* [Exercise prompt]: Among the entries below, one line contains "Analysis of citizenship" and another contains "Just slide an". Transcribe those two lines and every line between them, exactly.

* [Dataset content]:

######

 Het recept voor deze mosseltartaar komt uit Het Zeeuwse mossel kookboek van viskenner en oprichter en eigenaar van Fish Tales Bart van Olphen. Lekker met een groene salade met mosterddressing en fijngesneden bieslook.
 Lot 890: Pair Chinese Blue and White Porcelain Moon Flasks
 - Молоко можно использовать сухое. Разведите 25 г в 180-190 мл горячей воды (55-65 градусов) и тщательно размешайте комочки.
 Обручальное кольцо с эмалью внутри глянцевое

######

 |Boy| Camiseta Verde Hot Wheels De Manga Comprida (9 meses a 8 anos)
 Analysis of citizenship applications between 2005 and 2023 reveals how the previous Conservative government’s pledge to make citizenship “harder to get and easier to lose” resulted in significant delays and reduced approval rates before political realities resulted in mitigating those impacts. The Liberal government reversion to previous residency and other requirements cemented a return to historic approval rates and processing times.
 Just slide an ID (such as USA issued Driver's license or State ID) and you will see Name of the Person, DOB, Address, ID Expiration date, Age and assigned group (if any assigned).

######

* [Task response]:
 Analysis of citizenship applications between 2005 and 2023 reveals how the previous Conservative government’s pledge to make citizenship “harder to get and easier to lose” resulted in significant delays and reduced approval rates before political realities resulted in mitigating those impacts. The Liberal government reversion to previous residency and other requirements cemented a return to historic approval rates and processing times.
 Just slide an ID (such as USA issued Driver's license or State ID) and you will see Name of the Person, DOB, Address, ID Expiration date, Age and assigned group (if any assigned).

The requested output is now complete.